You use the CREATE DATABASE statement to create a database:

CREATE DATABASE power PRECISION 'ms' KEEP 3650 DURATION 10 BUFFER 16;

The name of the database created is power and its parameters are explained as follows:

  • PRECISION 'ms': The time-series data in this database uses millisecond-precision timestamps.
  • KEEP 3650: The data in this database is retained for 3650 days. Any data older than 3650 days is automatically deleted.
  • DURATION 10: Each data file contains 10 days of data.
  • BUFFER 16: A 16 MB memory buffer is used for data ingestion.

For a list of all database parameters, see Manage Databases.

You use the USE statement to set a current database:

USE power;

This SQL statement switches the current database to power, meaning that subsequent statements are performed within the power database.

Create a Supertable

You use the CREATE STABLE statement to create a supertable.

CREATE STABLE meters (
ts TIMESTAMP,
current FLOAT,
voltage INT,
phase FLOAT
) TAGS (
location VARCHAR(64),
group_id INT
);

The name of the supertable created is meters and the parameters following the name define the columns in the supertable. Each column is defined as a name and a data type. The first group of columns are metrics and the second group, following the TAGS keyword, are tags.

note
  • The first metric column must be of type TIMESTAMP.
  • Metric columns and tag columns cannot have the same name.

Create a Subtable

You use the CREATE TABLE statement with the USING keyword to create a subtable:

CREATE TABLE d1001 
USING meters (
location,
group_id
) TAGS (
"California.SanFrancisco",
2
);

The name of the subtable created is d1001 and it is created within the meters supertable. The location and group_id tag columns are used in this subtable, and their values are set to California.SanFrancisco and 2, respectively.

Note that when creating a subtable, you can specify values for all or a subset of tag columns in the target supertable. However, these tag columns must already exist within the supertable.

Create a Basic Table

You use the CREATE TABLE statement to create a basic table.

CREATE TABLE d1003(
ts TIMESTAMP,
current FLOAT,
voltage INT,
phase FLOAT,
location VARCHAR(64),
group_id INT
);

The name of the basic table is d1003 and it includes the columns ts, current, voltage, phase, location, and group_id. Note that this table is not associated with any supertable and its metric and tag columns are not separate.
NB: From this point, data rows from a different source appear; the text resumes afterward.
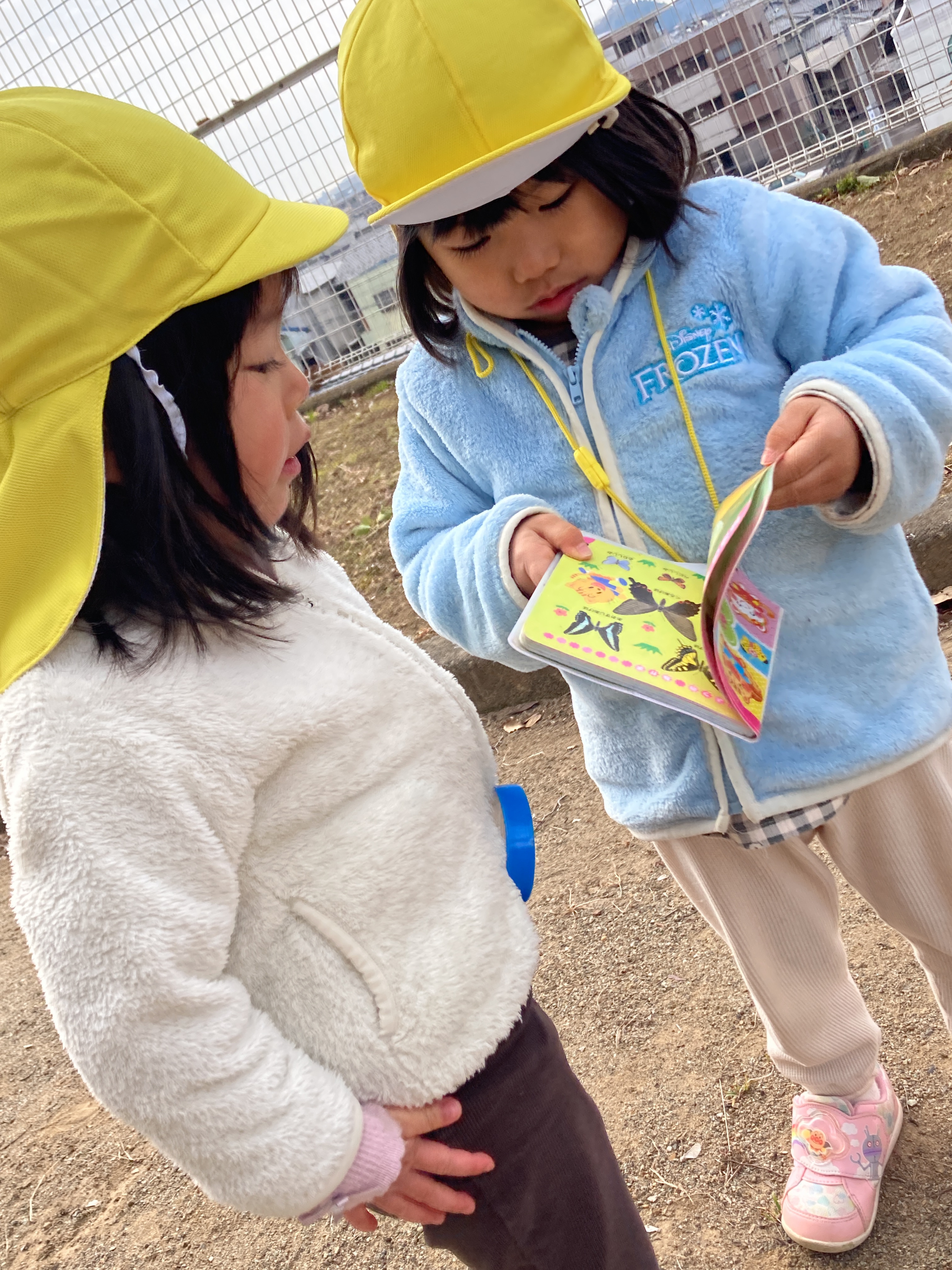 また、友だち同士で図鑑を見せ合ったり、「どこにいるかな?」と、協力して虫探しをする姿も見られました![]()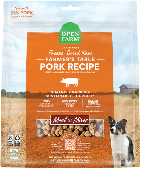 豬肉 , 豬心 , 豬肝 , 碎豬骨 , 有機藍莓 , 有機胡蘿蔔 , 有機南瓜 , 有機葵花籽 , 有機菠菜 , 有機羽衣甘藍 , 有機南瓜子 , 有機蔓越莓 , 有機胡蘆巴種子 , 蒙脫石粘土 , 非轉基因椰子油 , 三文魚油 , 菊苣 , 乾海帶 , 有機蘋果醋 , 維生素 D3 補充劑 , 維生素E補充劑 , 硫胺素單硝酸鹽 , 葉酸 , 氯化膽鹼 , 鋅氨基酸螯合物 , 銅氨基酸螯合物 , 硒酵母 , 薑黃 , 肉桂 , 混合生育酚(一種天然防腐劑)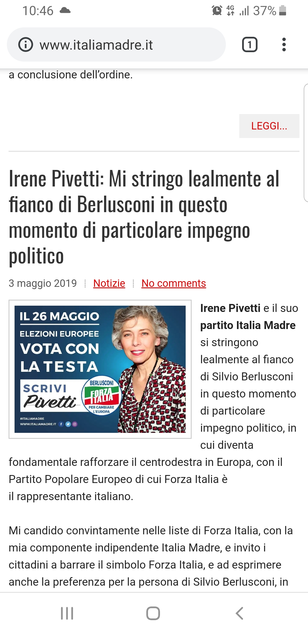 Для начала попытался найти, что это вообще за партия такая - "Italia Madre". В списке основных политических партий Италии никаких следов не находится. В списке малых партий - не находится. В списке региональных партий (мельче уже не бывает) - не находится. Но вообще существует, вот их сайт. Такое впечатление, что вся партия состоит из этой тетки. Сайт похож на захиревший бложик, последний раз обновлялся в апреле 2018 года - серьезная партия, куда деваться.

Multi-Column Model vs. Single-Column Model

Typically, each supertable in TDengine contains multiple columns, one for each metric and one for each tag. However, in certain scenarios, it can be preferable to create supertables that contain only one column.

For example, when the types of metrics collected by a DCP frequently change, the standard multi-column model would require frequent modifications to the schema of the supertable. In this situation, creating one supertable per metric may offer improved performance.